[Start of Attachment]

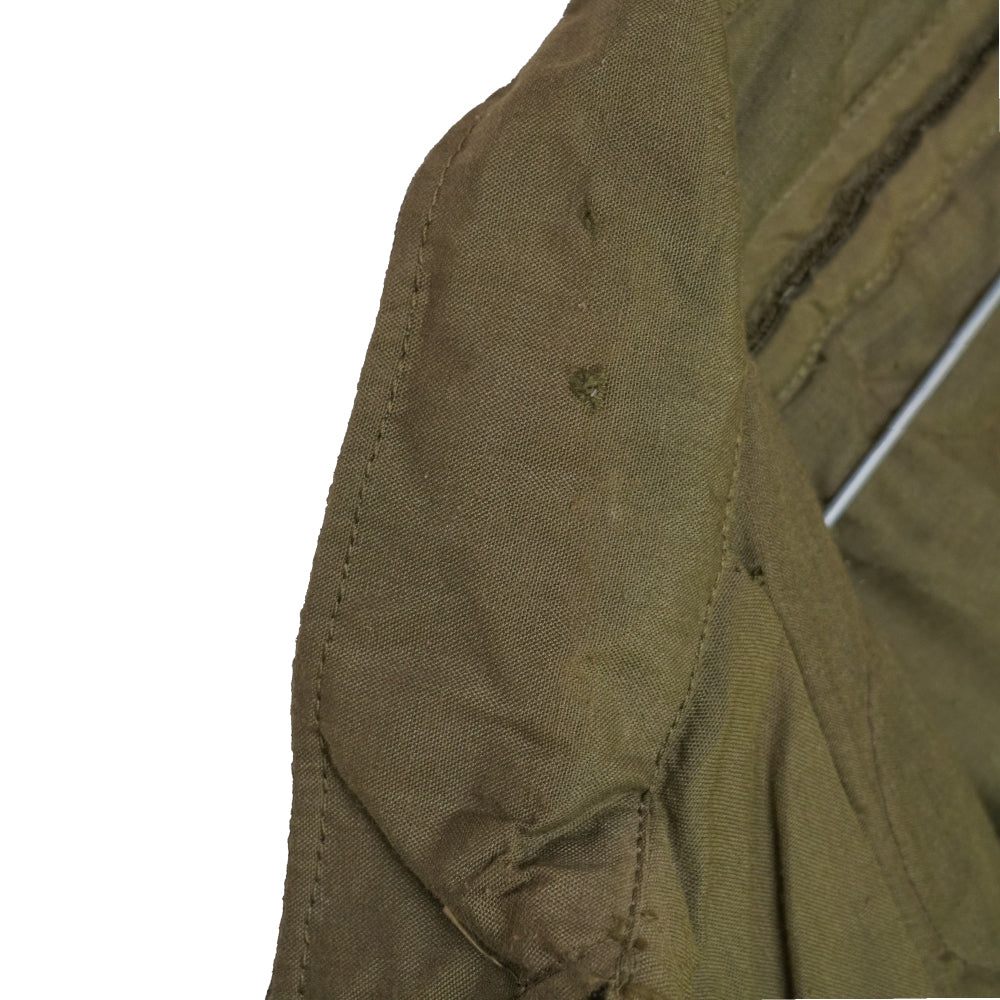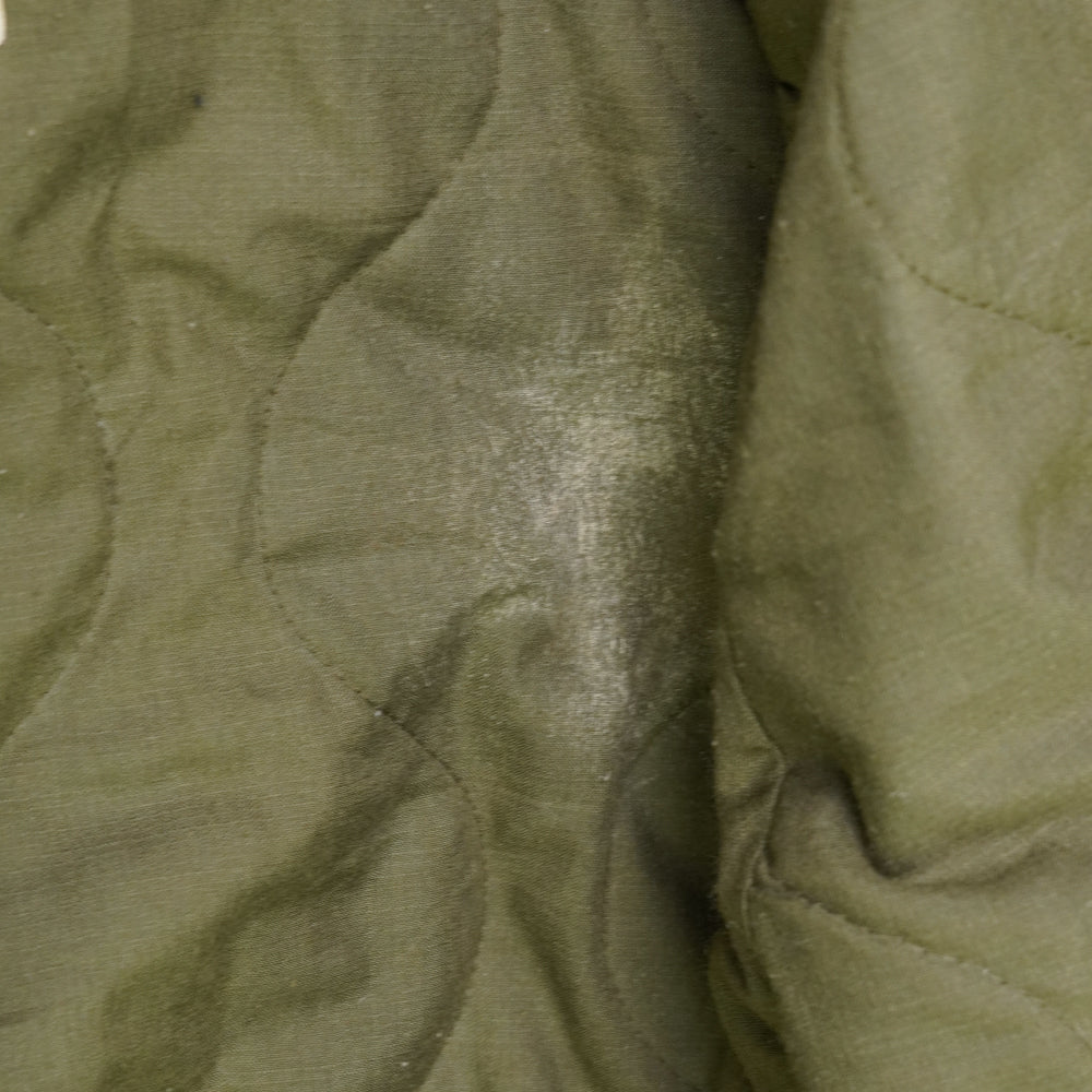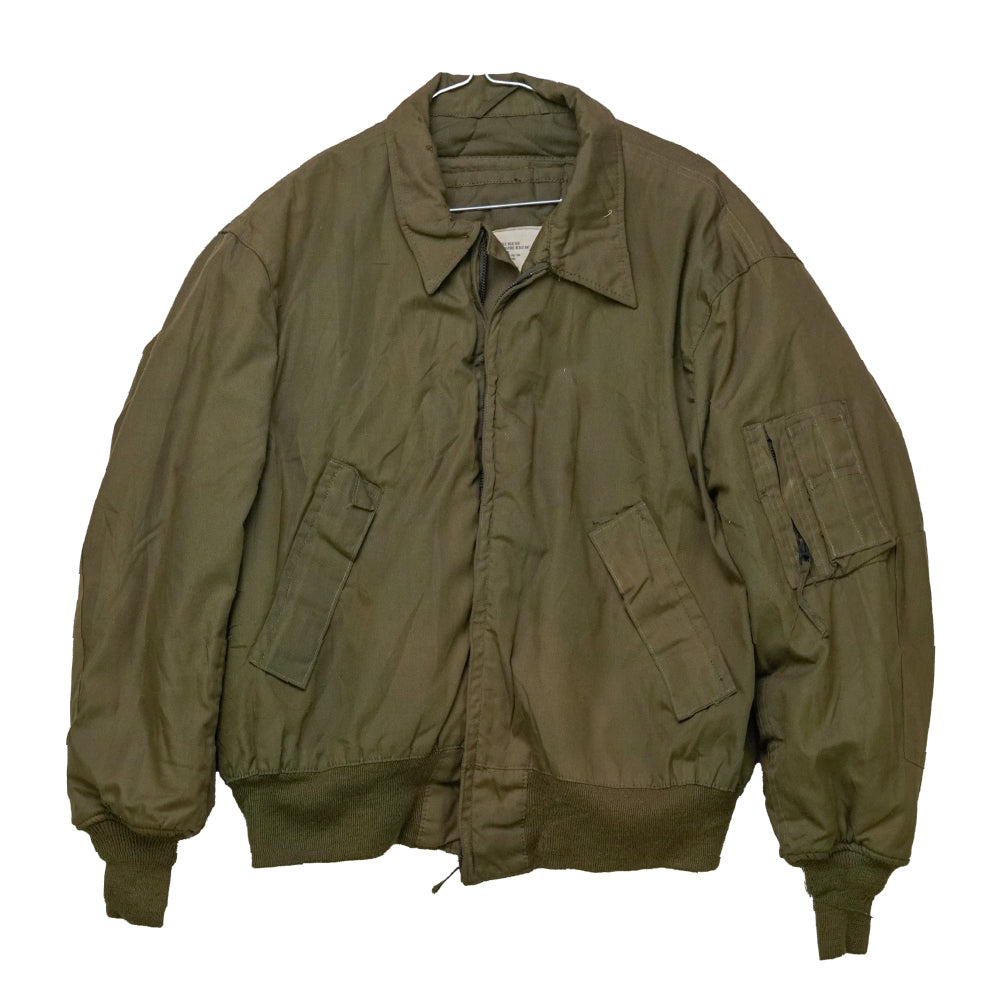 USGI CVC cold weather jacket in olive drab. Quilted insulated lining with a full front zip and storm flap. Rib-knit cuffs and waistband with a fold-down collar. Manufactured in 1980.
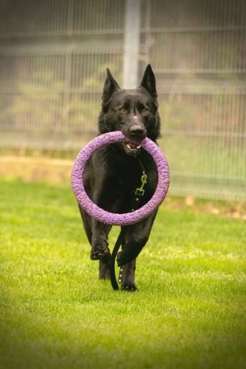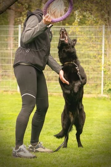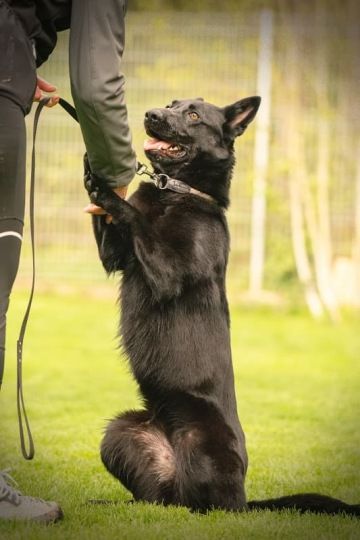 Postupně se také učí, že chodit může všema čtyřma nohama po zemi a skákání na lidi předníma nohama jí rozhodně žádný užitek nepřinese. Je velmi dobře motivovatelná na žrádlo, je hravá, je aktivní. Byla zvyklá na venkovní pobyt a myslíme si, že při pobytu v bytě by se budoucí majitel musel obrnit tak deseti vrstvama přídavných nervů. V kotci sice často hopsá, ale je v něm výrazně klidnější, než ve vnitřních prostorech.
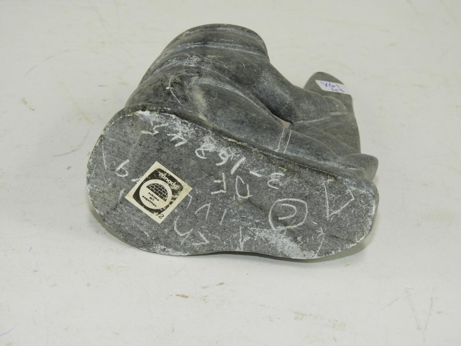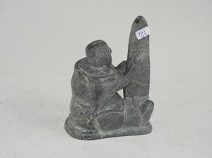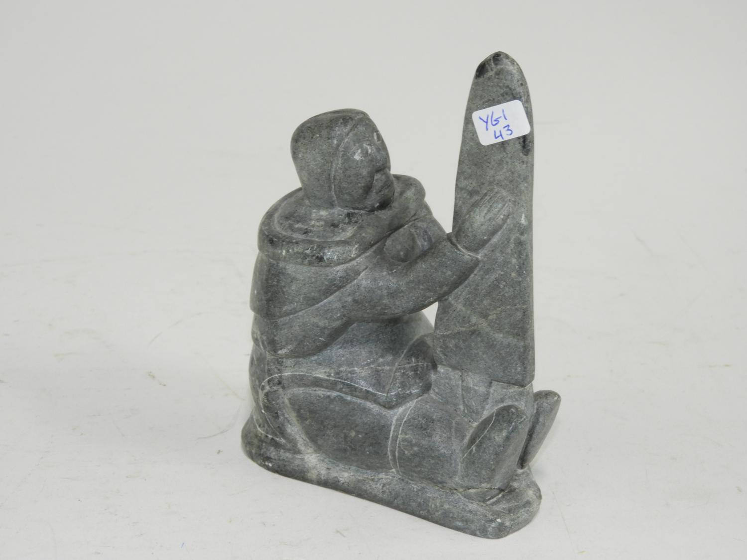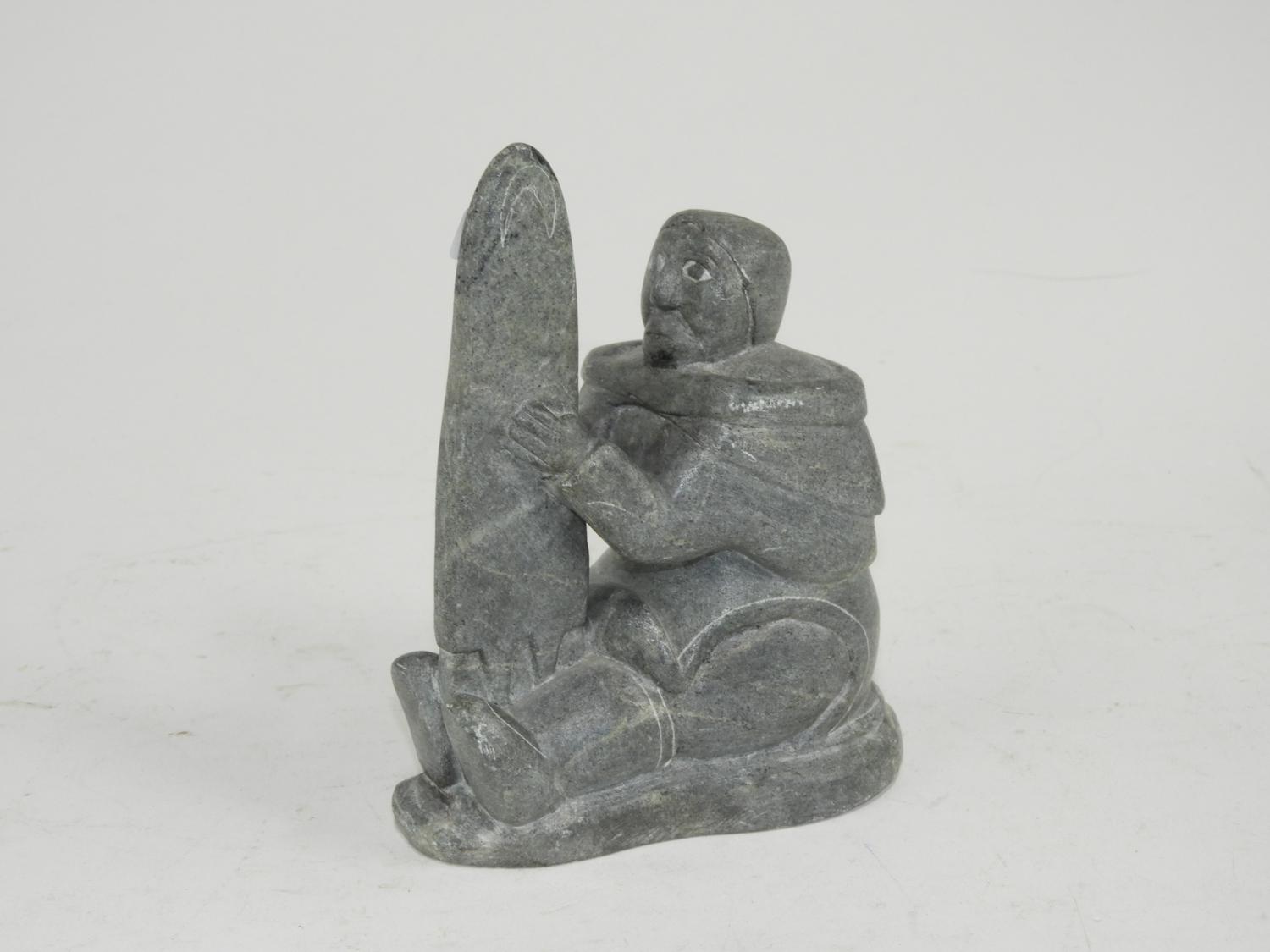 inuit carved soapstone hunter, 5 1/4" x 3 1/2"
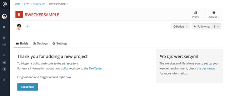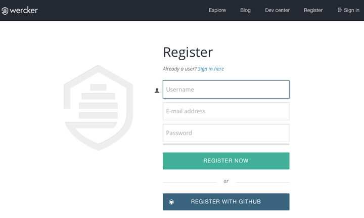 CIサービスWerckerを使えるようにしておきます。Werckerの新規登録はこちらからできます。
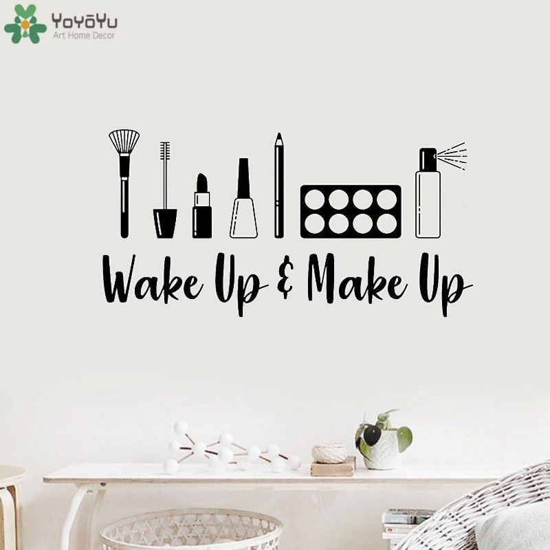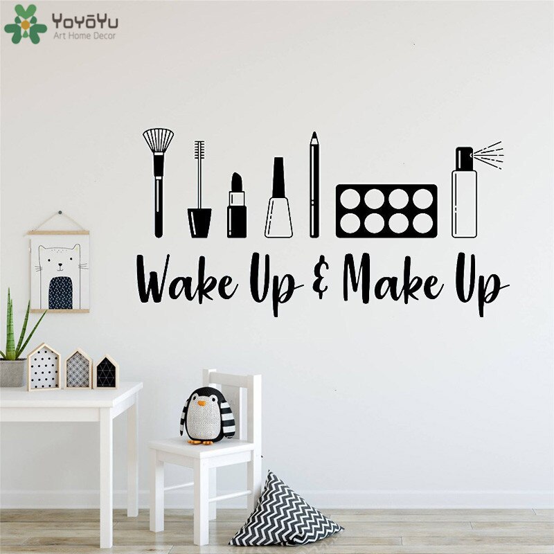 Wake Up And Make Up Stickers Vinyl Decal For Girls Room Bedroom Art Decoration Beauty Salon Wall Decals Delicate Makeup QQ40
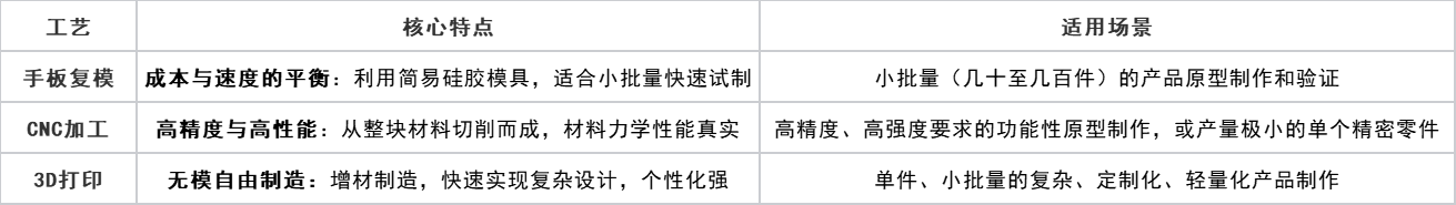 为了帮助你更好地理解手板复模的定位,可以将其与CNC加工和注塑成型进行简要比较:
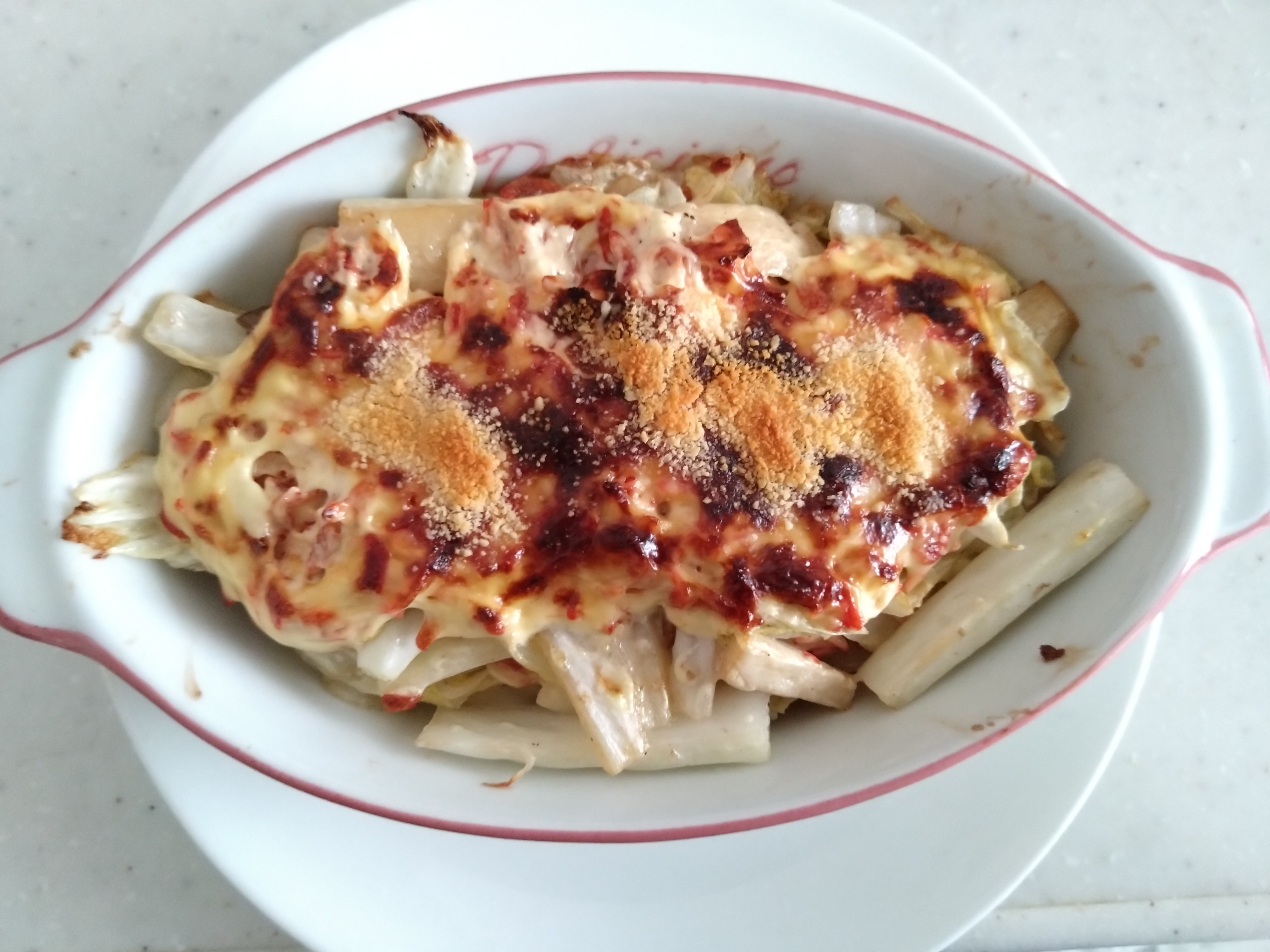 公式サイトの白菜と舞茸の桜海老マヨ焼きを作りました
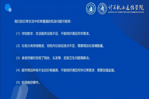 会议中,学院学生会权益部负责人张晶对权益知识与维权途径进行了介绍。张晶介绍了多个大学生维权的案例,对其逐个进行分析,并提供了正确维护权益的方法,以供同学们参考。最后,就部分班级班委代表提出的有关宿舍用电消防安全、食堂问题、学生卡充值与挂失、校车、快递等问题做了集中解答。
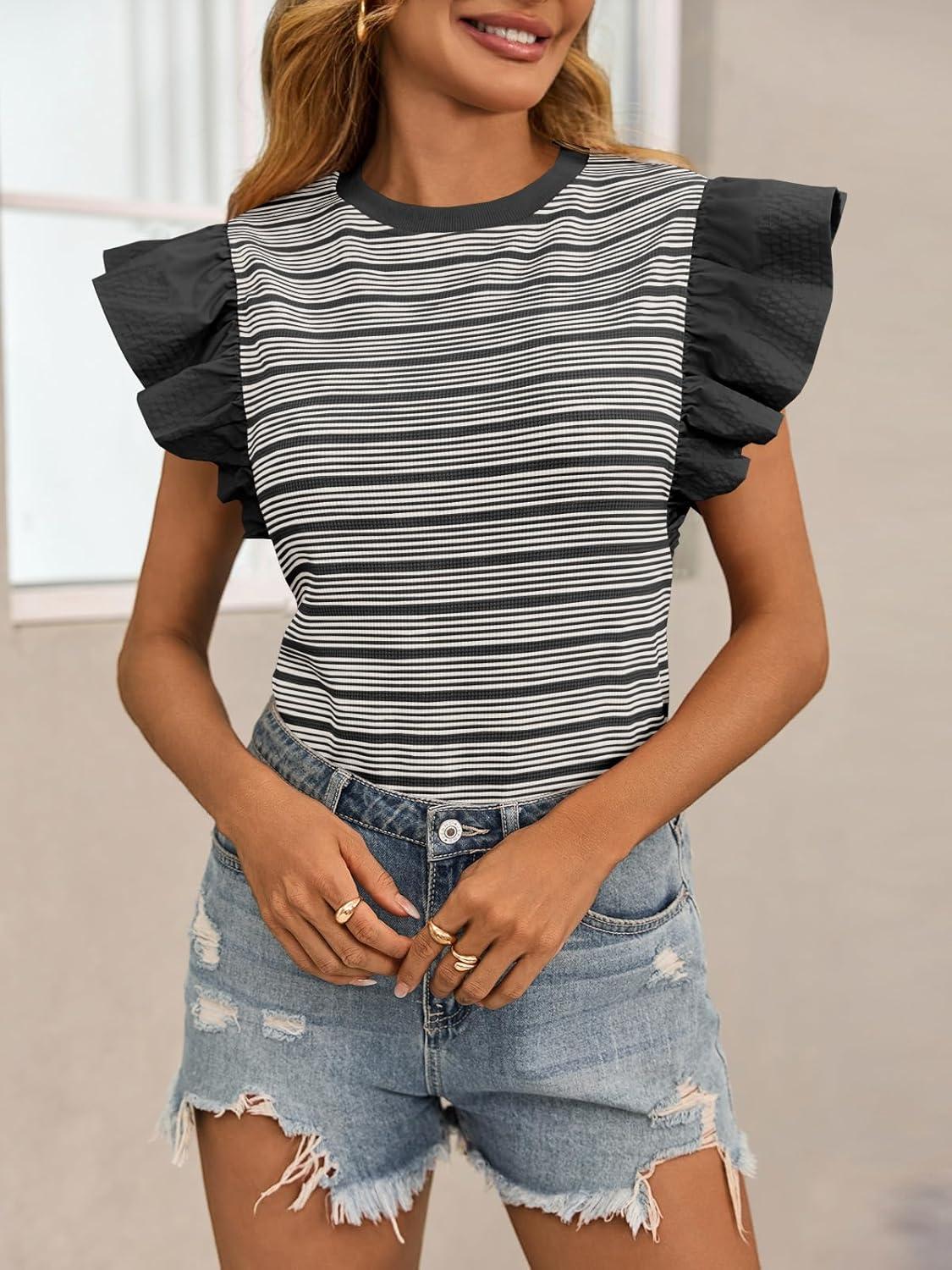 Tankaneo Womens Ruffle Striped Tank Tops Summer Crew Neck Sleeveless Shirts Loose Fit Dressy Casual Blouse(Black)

[End of Attachment]

INSTRUCTIONS FOR THE TASK: Give back exactly the run of lines that opens the material above and ends at the line with "CIサービスWerckerを". Omit the pictures.

REPLY:
 USGI CVC cold weather jacket in olive drab. Quilted insulated lining with a full front zip and storm flap. Rib-knit cuffs and waistband with a fold-down collar. Manufactured in 1980.
 Postupně se také učí, že chodit může všema čtyřma nohama po zemi a skákání na lidi předníma nohama jí rozhodně žádný užitek nepřinese. Je velmi dobře motivovatelná na žrádlo, je hravá, je aktivní. Byla zvyklá na venkovní pobyt a myslíme si, že při pobytu v bytě by se budoucí majitel musel obrnit tak deseti vrstvama přídavných nervů. V kotci sice často hopsá, ale je v něm výrazně klidnější, než ve vnitřních prostorech.
 inuit carved soapstone hunter, 5 1/4" x 3 1/2"
 CIサービスWerckerを使えるようにしておきます。Werckerの新規登録はこちらからできます。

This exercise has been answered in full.